▶ _Exercise goal_
None of the pictures should be copied, though every line of the listing must be printed exactly.

▶ _Provided material_

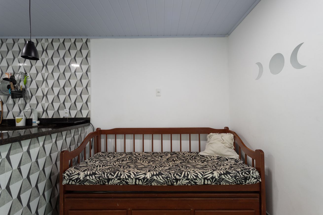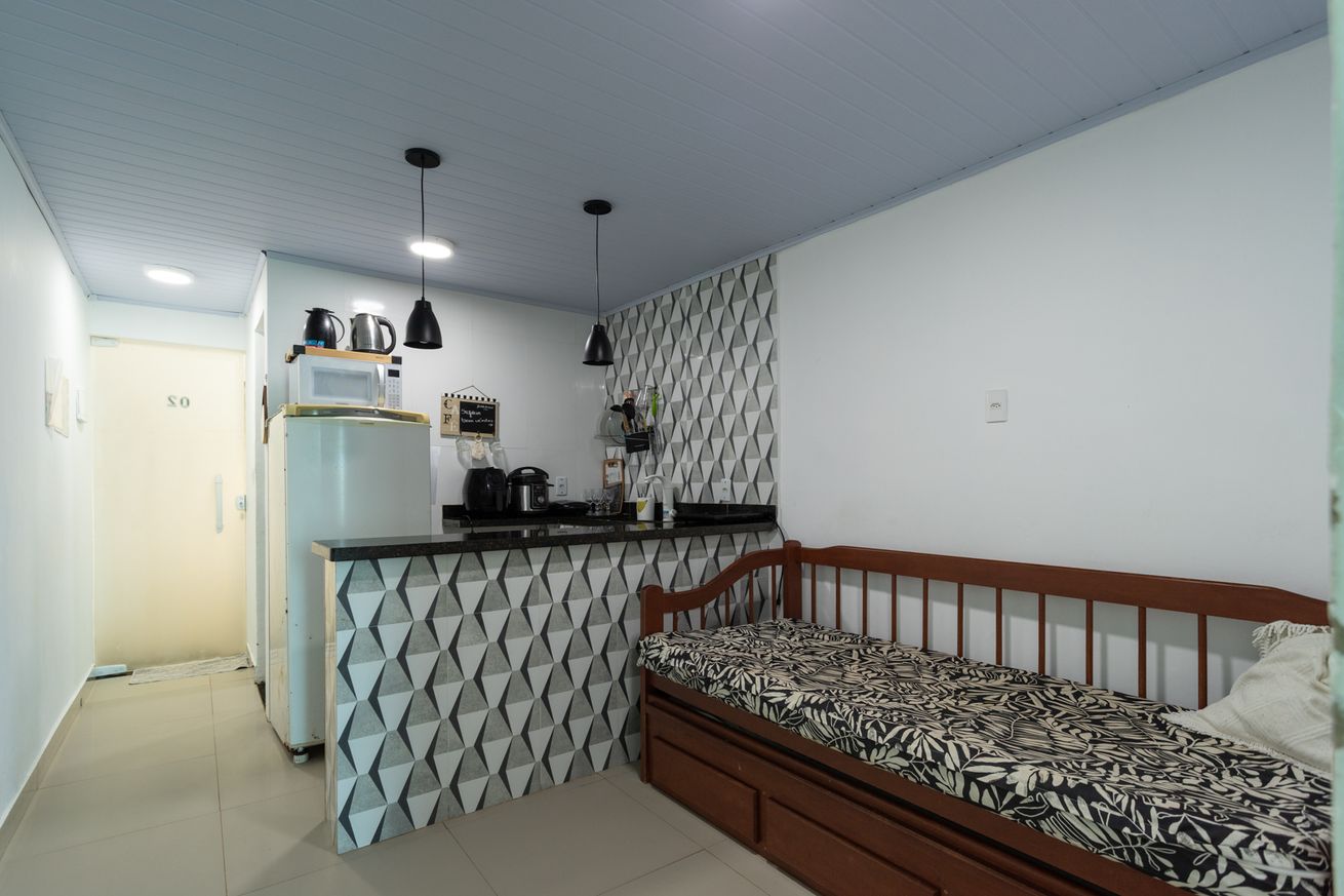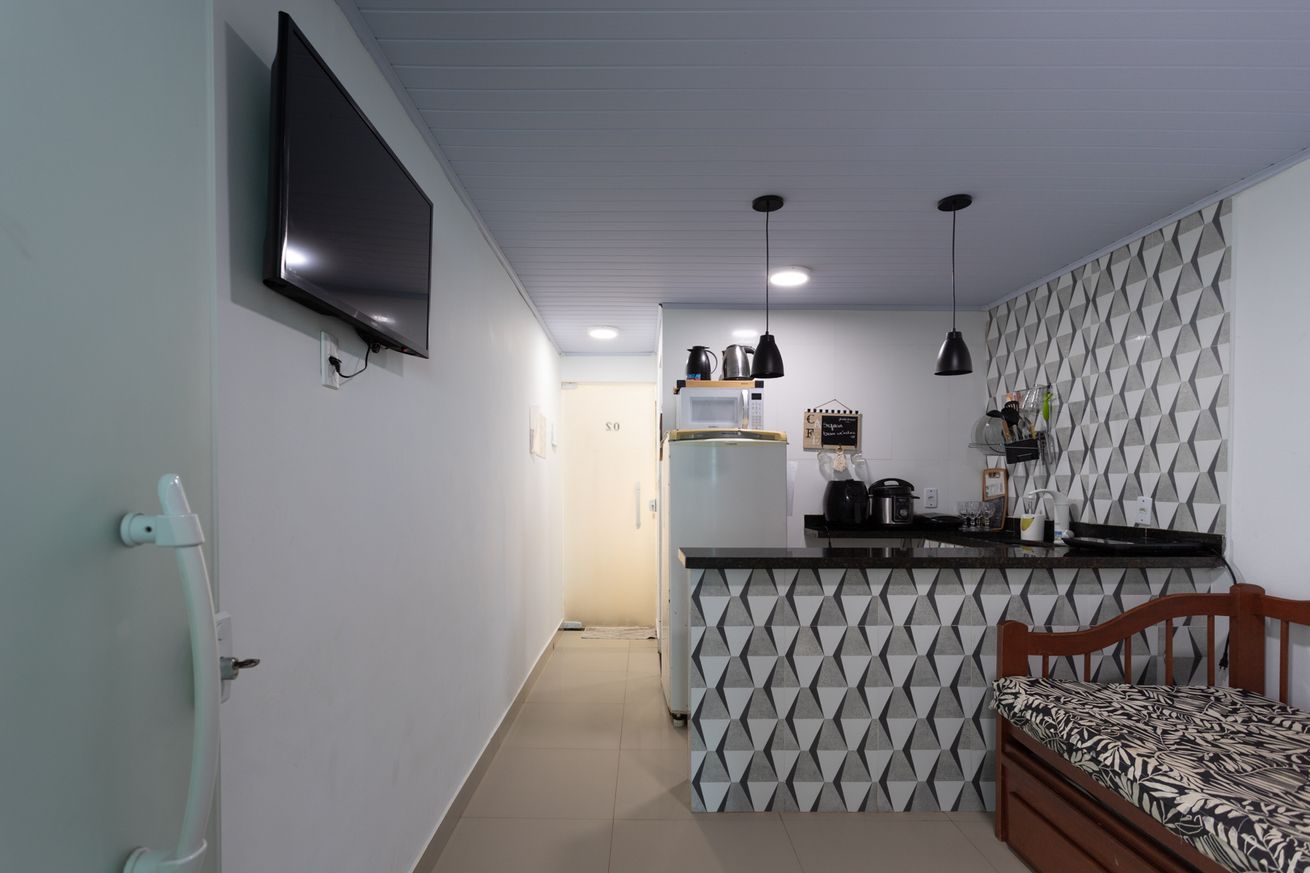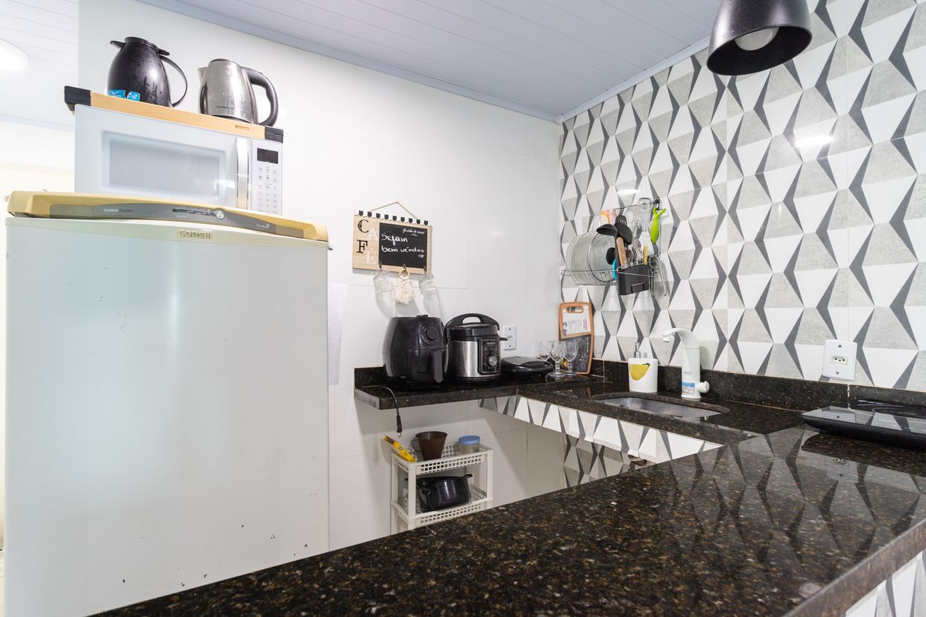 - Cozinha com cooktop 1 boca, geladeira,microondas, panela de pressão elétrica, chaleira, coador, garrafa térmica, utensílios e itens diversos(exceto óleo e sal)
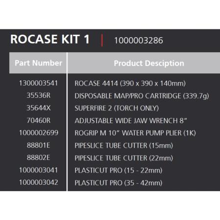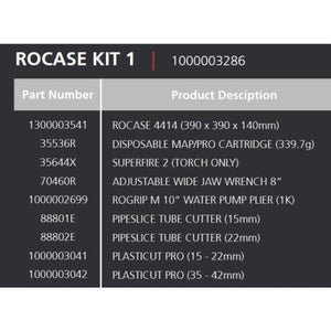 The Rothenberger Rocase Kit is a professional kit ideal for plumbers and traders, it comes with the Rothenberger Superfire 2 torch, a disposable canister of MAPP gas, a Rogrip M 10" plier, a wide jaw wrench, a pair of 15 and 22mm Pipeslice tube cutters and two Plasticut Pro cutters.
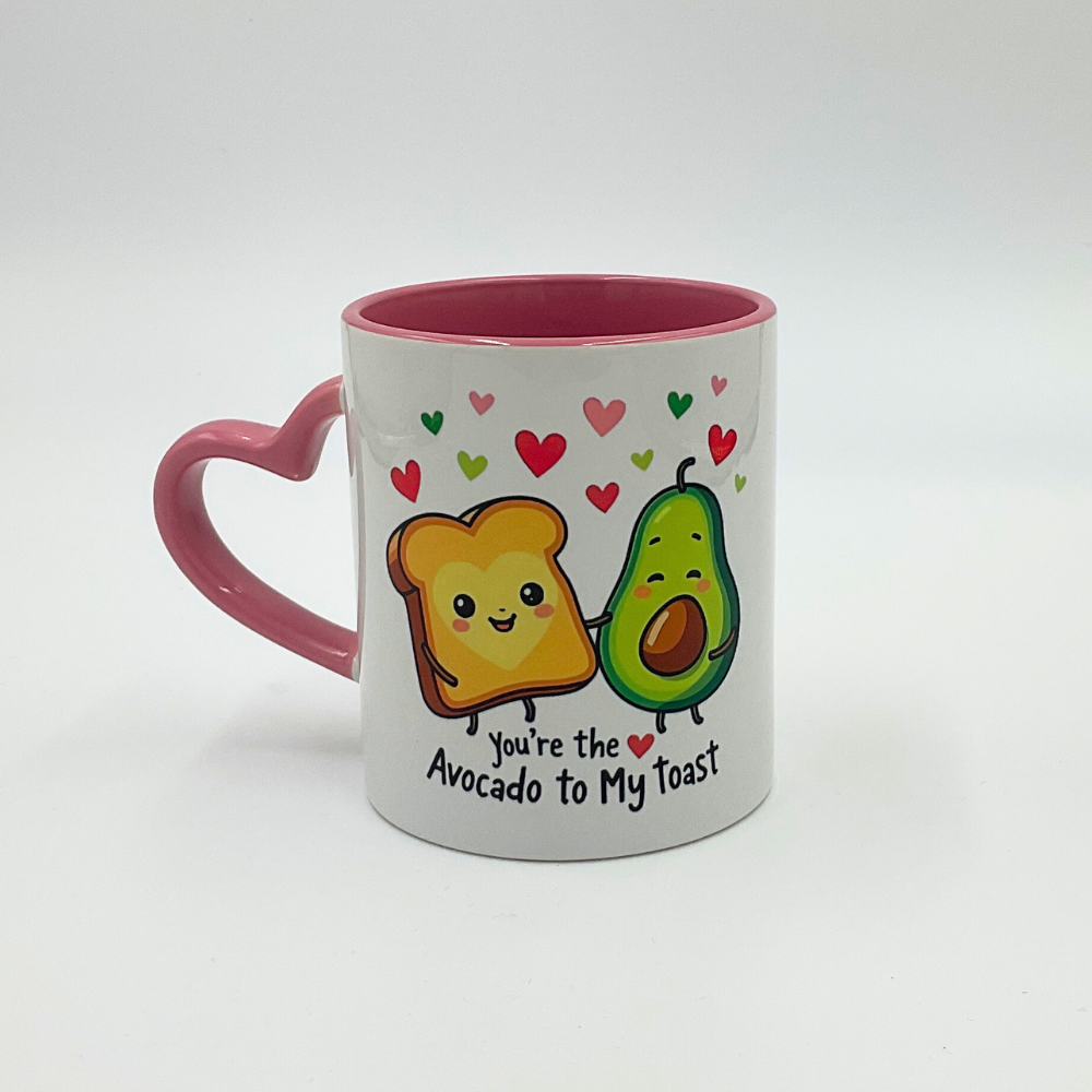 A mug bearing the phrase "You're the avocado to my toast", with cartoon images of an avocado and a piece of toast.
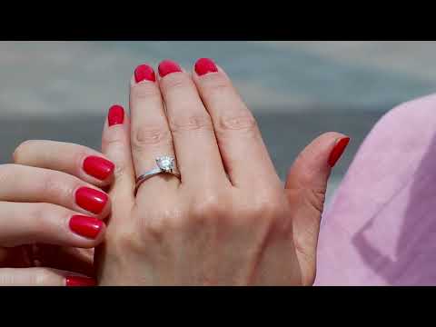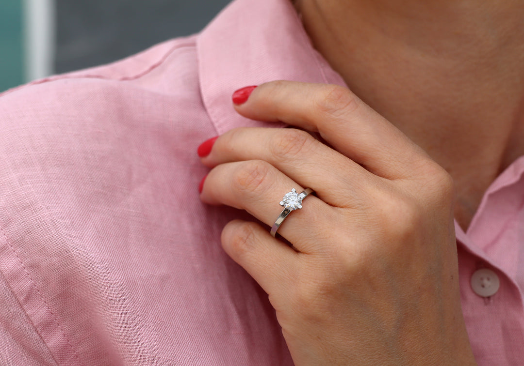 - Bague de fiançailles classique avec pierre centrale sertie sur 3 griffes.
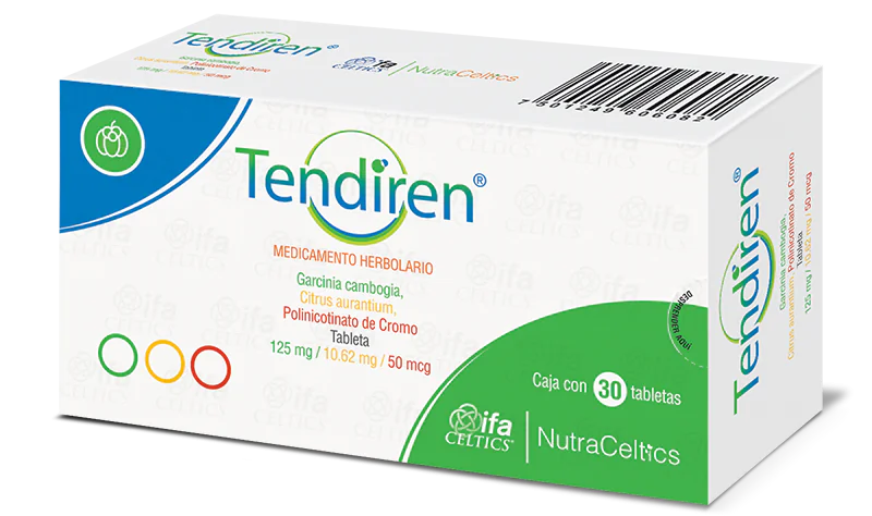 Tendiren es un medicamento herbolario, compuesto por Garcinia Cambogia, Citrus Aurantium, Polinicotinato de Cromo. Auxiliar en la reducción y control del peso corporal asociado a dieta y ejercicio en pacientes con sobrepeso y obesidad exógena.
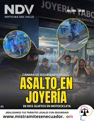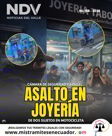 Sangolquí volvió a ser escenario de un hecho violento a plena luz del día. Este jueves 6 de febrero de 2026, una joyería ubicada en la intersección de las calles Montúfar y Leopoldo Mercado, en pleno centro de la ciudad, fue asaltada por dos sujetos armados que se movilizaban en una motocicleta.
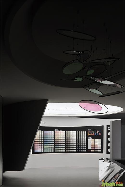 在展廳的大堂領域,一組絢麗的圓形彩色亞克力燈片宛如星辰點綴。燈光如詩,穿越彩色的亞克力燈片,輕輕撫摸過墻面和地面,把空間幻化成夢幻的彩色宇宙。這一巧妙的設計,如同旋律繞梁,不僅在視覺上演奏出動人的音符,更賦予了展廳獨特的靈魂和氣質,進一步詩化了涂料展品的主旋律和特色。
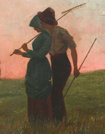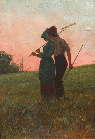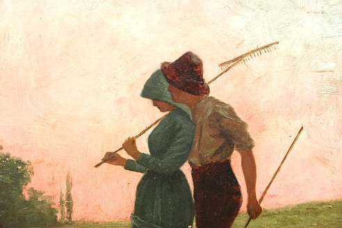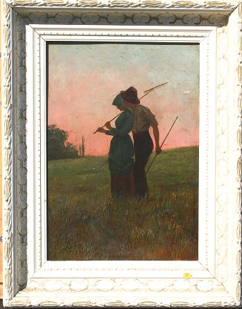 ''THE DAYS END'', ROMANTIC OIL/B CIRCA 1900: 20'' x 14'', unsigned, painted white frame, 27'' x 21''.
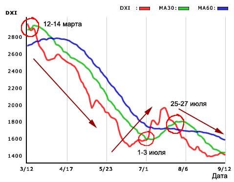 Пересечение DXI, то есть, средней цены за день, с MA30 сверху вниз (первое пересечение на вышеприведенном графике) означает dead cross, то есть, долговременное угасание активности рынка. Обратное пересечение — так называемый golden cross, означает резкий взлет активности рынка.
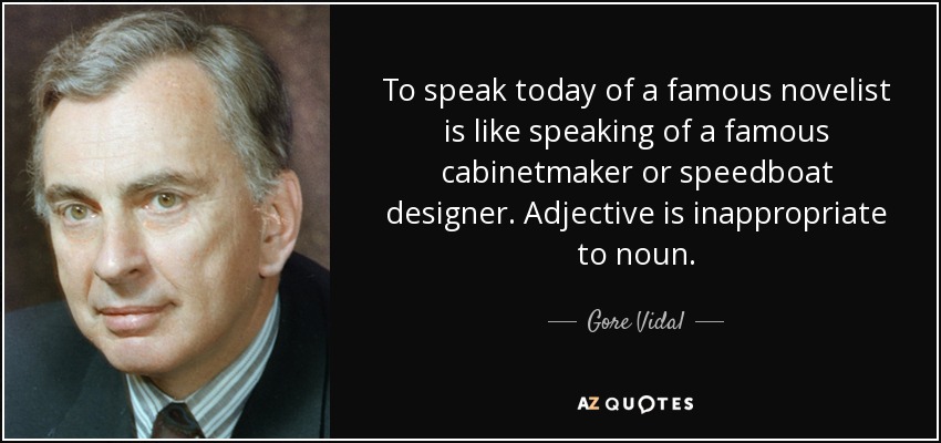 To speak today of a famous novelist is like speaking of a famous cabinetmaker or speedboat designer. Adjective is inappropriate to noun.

▶ _Answer to the problem_
 - Cozinha com cooktop 1 boca, geladeira,microondas, panela de pressão elétrica, chaleira, coador, garrafa térmica, utensílios e itens diversos(exceto óleo e sal)
 The Rothenberger Rocase Kit is a professional kit ideal for plumbers and traders, it comes with the Rothenberger Superfire 2 torch, a disposable canister of MAPP gas, a Rogrip M 10" plier, a wide jaw wrench, a pair of 15 and 22mm Pipeslice tube cutters and two Plasticut Pro cutters.
 A mug bearing the phrase "You're the avocado to my toast", with cartoon images of an avocado and a piece of toast.
 - Bague de fiançailles classique avec pierre centrale sertie sur 3 griffes.
 Tendiren es un medicamento herbolario, compuesto por Garcinia Cambogia, Citrus Aurantium, Polinicotinato de Cromo. Auxiliar en la reducción y control del peso corporal asociado a dieta y ejercicio en pacientes con sobrepeso y obesidad exógena.
 Sangolquí volvió a ser escenario de un hecho violento a plena luz del día. Este jueves 6 de febrero de 2026, una joyería ubicada en la intersección de las calles Montúfar y Leopoldo Mercado, en pleno centro de la ciudad, fue asaltada por dos sujetos armados que se movilizaban en una motocicleta.
 在展廳的大堂領域,一組絢麗的圓形彩色亞克力燈片宛如星辰點綴。燈光如詩,穿越彩色的亞克力燈片,輕輕撫摸過墻面和地面,把空間幻化成夢幻的彩色宇宙。這一巧妙的設計,如同旋律繞梁,不僅在視覺上演奏出動人的音符,更賦予了展廳獨特的靈魂和氣質,進一步詩化了涂料展品的主旋律和特色。
 ''THE DAYS END'', ROMANTIC OIL/B CIRCA 1900: 20'' x 14'', unsigned, painted white frame, 27'' x 21''.
 Пересечение DXI, то есть, средней цены за день, с MA30 сверху вниз (первое пересечение на вышеприведенном графике) означает dead cross, то есть, долговременное угасание активности рынка. Обратное пересечение — так называемый golden cross, означает резкий взлет активности рынка.
 To speak today of a famous novelist is like speaking of a famous cabinetmaker or speedboat designer. Adjective is inappropriate to noun.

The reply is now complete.